** Data provided follows **
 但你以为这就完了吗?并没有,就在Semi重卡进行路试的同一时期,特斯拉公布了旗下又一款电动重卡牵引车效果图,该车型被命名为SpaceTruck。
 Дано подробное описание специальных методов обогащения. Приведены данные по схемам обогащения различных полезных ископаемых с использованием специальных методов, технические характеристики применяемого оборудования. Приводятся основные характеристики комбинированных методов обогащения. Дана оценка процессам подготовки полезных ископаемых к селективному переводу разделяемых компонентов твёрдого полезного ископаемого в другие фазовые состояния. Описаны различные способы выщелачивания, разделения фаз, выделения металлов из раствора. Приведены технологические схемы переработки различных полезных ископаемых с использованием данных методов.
** End of Data provided **
** Data provided follows **
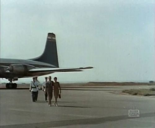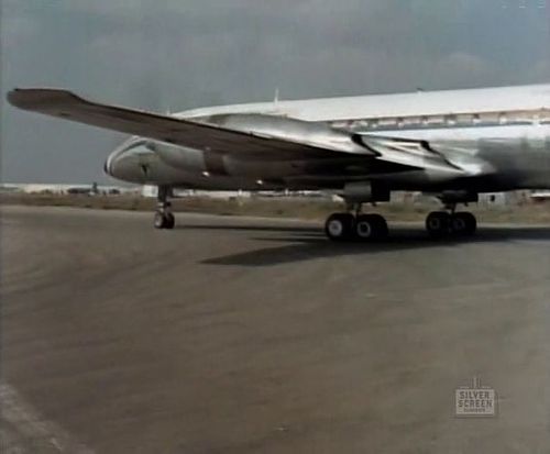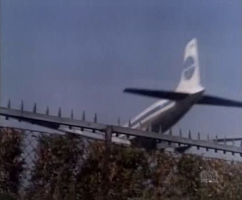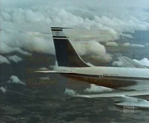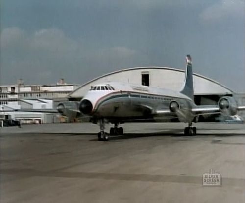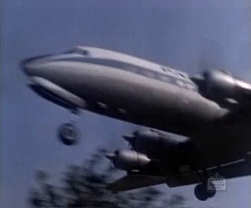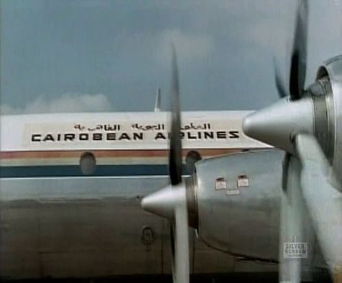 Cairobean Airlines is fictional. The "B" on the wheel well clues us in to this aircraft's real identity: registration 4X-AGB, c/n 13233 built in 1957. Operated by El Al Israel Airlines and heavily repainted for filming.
** End of Data provided **
## Exercise
From the records above, quote only the lines running from the line with "但你以为这就完了吗?并没有,就在Semi" to the line with "Дано подробное описание", both lines included.

## Task output
 但你以为这就完了吗?并没有,就在Semi重卡进行路试的同一时期,特斯拉公布了旗下又一款电动重卡牵引车效果图,该车型被命名为SpaceTruck。
 Дано подробное описание специальных методов обогащения. Приведены данные по схемам обогащения различных полезных ископаемых с использованием специальных методов, технические характеристики применяемого оборудования. Приводятся основные характеристики комбинированных методов обогащения. Дана оценка процессам подготовки полезных ископаемых к селективному переводу разделяемых компонентов твёрдого полезного ископаемого в другие фазовые состояния. Описаны различные способы выщелачивания, разделения фаз, выделения металлов из раствора. Приведены технологические схемы переработки различных полезных ископаемых с использованием данных методов.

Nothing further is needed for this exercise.